From the Intelligence Community report, Assessing Russian Activities and Intentions in Recent US Elections, a report including “an analytic assessment drafted and coordinated among The Central Intelligence Agency (CIA), The Federal Bureau of Investigation (FBI), and The National Security Agency (NSA).”:
“We assess with high confidence that Russian military intelligence (General Staff Main Intelligence Directorate or GRU) used the Guccifer 2.0 persona and DCLeaks.com to release US victim data obtained in cyber operations publicly and in exclusives to media outlets and relayed material to WikiLeaks.”
If indeed Wikileaks served as a vehicle for the Russian hacker(s), the information seems to have been used for much more than was originally disclosed.
According to a source in the BBC article sited above, ” ‘This is a three-headed operation,’ said one former official, setting out the case, based on the intelligence: Firstly, hackers steal damaging emails from senior Democrats. Secondly, the stories based on this hacked information appear on Twitter and Facebook, posted by thousands of automated ‘bots’, then on Russia’s English-language outlets, RT and Sputnik, then right-wing US ‘news’ sites such as Infowars and Breitbart, then Fox and the mainstream media. Thirdly, Russia downloads the online voter rolls.
“The voter rolls are said to fit into this because of ‘microtargeting’. Using email, Facebook and Twitter, political advertising can be tailored very precisely: individual messaging for individual voters.
“ ‘You are stealing the stuff and pushing it back into the US body politic,’ said the former official sited in the BBC report, ‘you know where to target that stuff when you’re pushing it back.’ ”
“This would take co-operation with the Trump campaign, it is claimed.”
This claim is not far fetched at all thinking about who was Trump’s largest campaign backer, Robert Mercer, his company that operated in the background during the election, Cambridge Analytica and the originator of the term, microtargeting, Nigel Oakes founder of Strategic Communication Laboratories (SCL), that was later spun into Cambridge Analytica.
SCL is now known as “a private Russian behavioral research and strategic communication company. SCL is known as Cambridge Analytica in the United States.”
According to Cambridge CEO Alexander Nix said to Bloomberg’s Sasha Issenburg.
“Your behavior is driven by your personality and actually the more you can understand about people’s personality as psychological drivers, the more you can actually start to really tap in to why and how they make their decisions. We call this behavioral microtargeting and this is really our secret sauce, if you like. This is what we’re bringing to America.”
If Cambridge Analytica/SCL was able to gain access the Wikileaks hacked DNC emails and then use its capabilities potentially relating with the illegally obtained voter rosters in Russia, this may be the largest missing piece of data not found in the dossier or in the US Intelligence report.

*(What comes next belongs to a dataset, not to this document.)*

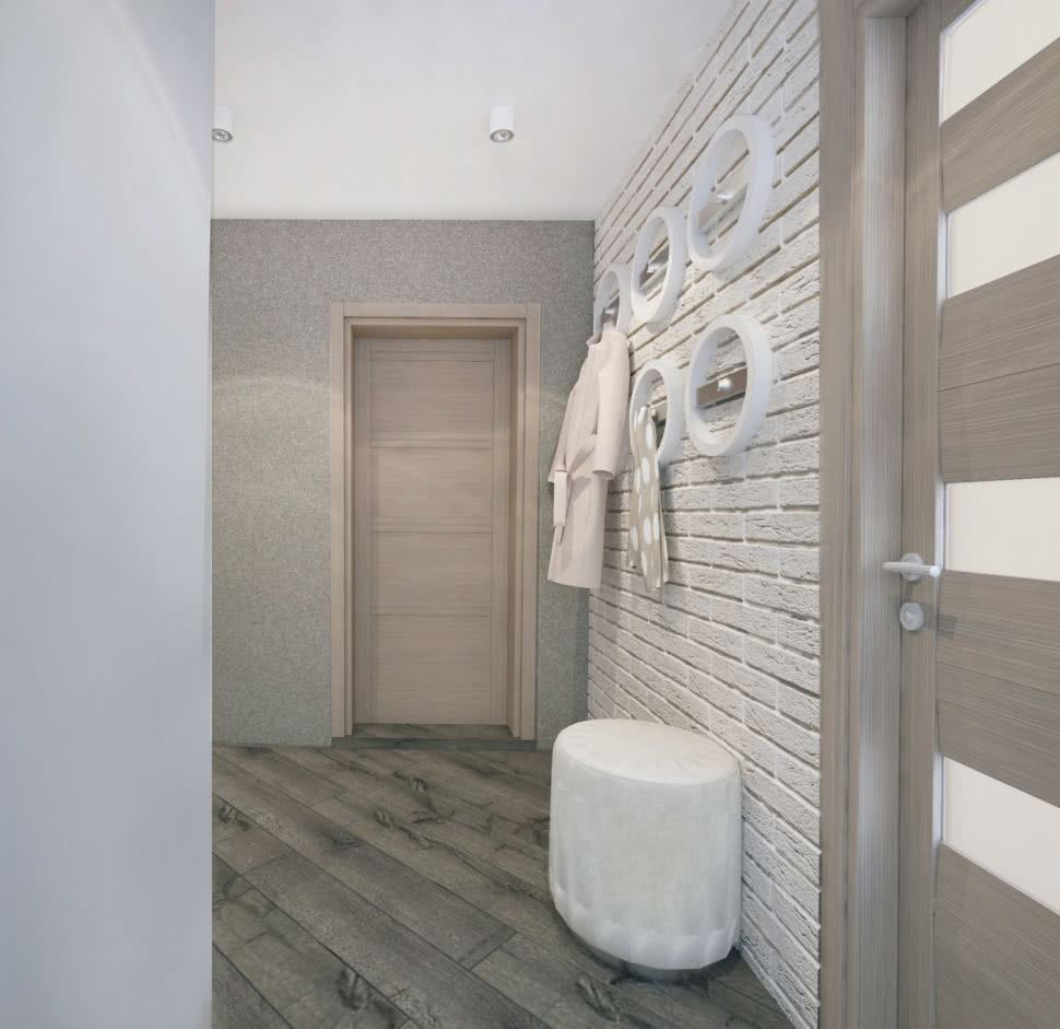 Текстура под белый кирпич подойдет для маленьких узких прихожих. Основной цвет визуально расширяет площадь, а линейность — усложняет дизайн. Рекомендуется для такого фона подбирать мебель светлых оттенков, чтобы усилить желаемый эффект.

It would seem improbable that a group so closely aligned with the Trump campaign would have nothing to do with utilizing the information obtained by hackers laundered through Wikileaks, because that is specifically what they clearly state they do, is to obtain information to microtarget people/voters.
By now, the intelligence community and the Senate should not only be taking a closer look at the dossier, but also at Cambridge Analytica and SCL to determine the role they may have played in regards to the hacked emails and their use to spin truly “Fake News” on the public prior to the election.
They should be questioning, what role did SCL play on the Russian side? Where were the “Fake News” stories originating from?
Why hasn’t Cambridge Analytica/SCL been mentioned by those investigating this in Congress? Could it be that GOP players may not have wanted Cambridge Analytica/SCL mentioned because they hoped to use their services in the future, and hoped to obtain Mercer money?
When it is so obvious that the world knows our President may be compromised, we have to wonder why our leadership is doing so little, so late?